* **EXERCISE DETAILS**: From the first line of the data down to and including the line with "이날 박 후보는 오전", copy everything exactly, leaving out pictures.

::::::

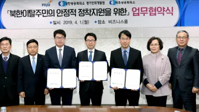 파주시, 북한이탈주민 안정적 정착 위한 업무협약 파주시는 1일 파주시청 비즈니스룸에서 대한상공회의소 경기인력개발원, 파주상공회의소와 북한이탈주민의 안정적인 정착을 위한 업무협약식을 가졌다. 이번 협약은 파주시에서 수립한 생활밀착형 ...
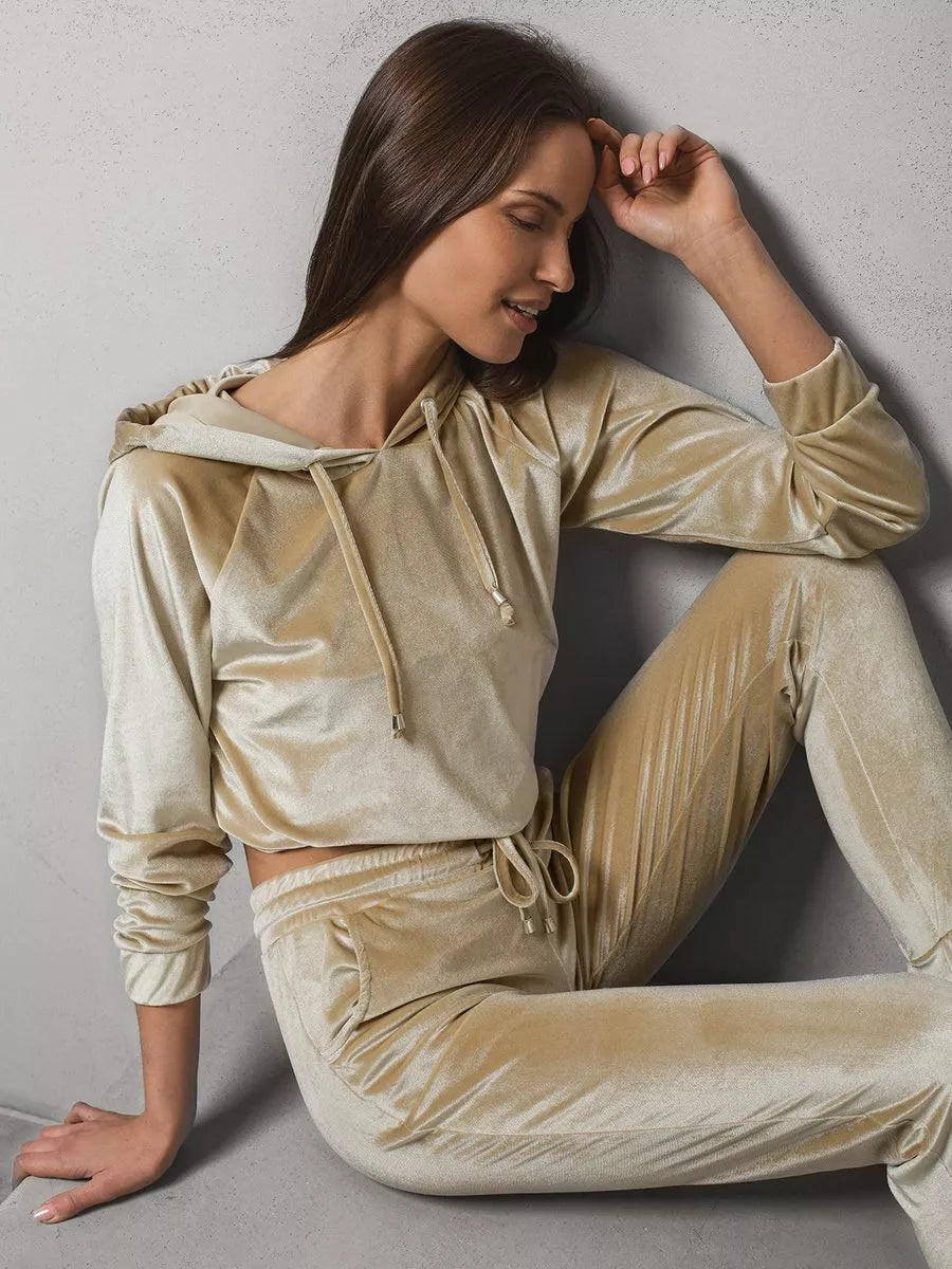 Sieviešu kostīms ir piemērots ne tikai treniņiem, bet arī aktīvai atpūtai. Komplektā ietilpst bikses un džemperis.
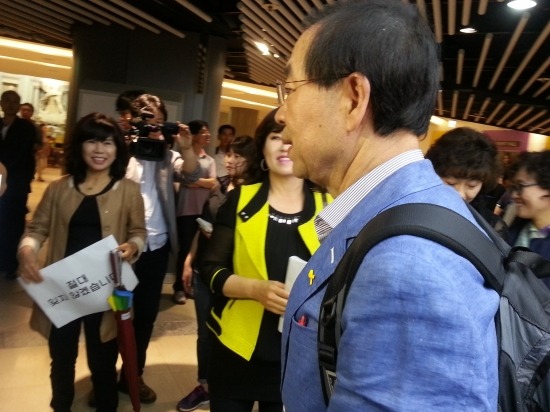 이날 박 후보는 오전 10시부터 롯데백화점 잠실점 지하 입구 앞에서 박용모 새정치민주연합 송파구청장 후보 등과 함께 ‘잊지 않겠습니다’라고 적힌 피켓을 들고 아무 말 없이 서있었다.
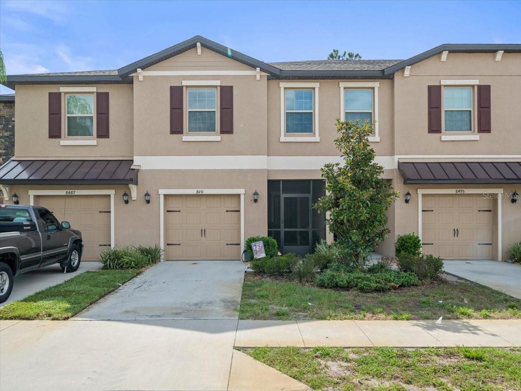Welcome to 8491 Essington Street – where modern comfort meets serene natural surroundings! This beautiful 3-bedroom, 2.5-bath townhome, built in 2021, is nestled in the gated community of Ventana at Waters Edge and backs up to a lush conservation area, offering peace, privacy, and a picturesque view right from your own backyard. Step inside to find a spacious open floor plan with an abundance of natural light. The chef’s kitchen boasts granite countertops, stainless steel appliances, 42” cabinets, a breakfast bar, and pendant lighting. The dining area flows seamlessly into the screened-in lanai and extended paver patio—perfect for relaxing or entertaining while enjoying tranquil nature views. Upstairs, you’ll find all three bedrooms plus a generously sized loft ideal for a home office, media room, or playroom. The convenient upstairs laundry includes washer and dryer. The primary suite offers a peaceful retreat with an en-suite bathroom, dual sinks, and walk-in closet. Additional highlights include: 1-car garage with automatic opener Water softener system Stylish tile flooring throughout main living areas Covered front entry with screened veranda As a resident of Ventana at Waters Edge, enjoy resort-style amenities including two sparkling pools (one private to Ventana residents), a fitness center, clubhouse, basketball courts, playgrounds, and more. Ideally located close to shopping, restaurants, schools, and major highways—this townhome truly has it all. Low-maintenance, move-in ready, and priced to sell—schedule your showing today!
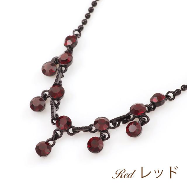 | コメント | ブラックカラーが大人っぽいネックレスです。 連なるストーンが揺れるたびキラキラと輝き華やかな胸元を演出します。 お出かけやお呼ばれ、パーティーなどにも映えるブラックアクセサリーです! ストーンカラーは『レッド』と『ブラック』からお選びいただけます。 |

::::::

* **OUTPUT**:
 파주시, 북한이탈주민 안정적 정착 위한 업무협약 파주시는 1일 파주시청 비즈니스룸에서 대한상공회의소 경기인력개발원, 파주상공회의소와 북한이탈주민의 안정적인 정착을 위한 업무협약식을 가졌다. 이번 협약은 파주시에서 수립한 생활밀착형 ...
 Sieviešu kostīms ir piemērots ne tikai treniņiem, bet arī aktīvai atpūtai. Komplektā ietilpst bikses un džemperis.
 이날 박 후보는 오전 10시부터 롯데백화점 잠실점 지하 입구 앞에서 박용모 새정치민주연합 송파구청장 후보 등과 함께 ‘잊지 않겠습니다’라고 적힌 피켓을 들고 아무 말 없이 서있었다.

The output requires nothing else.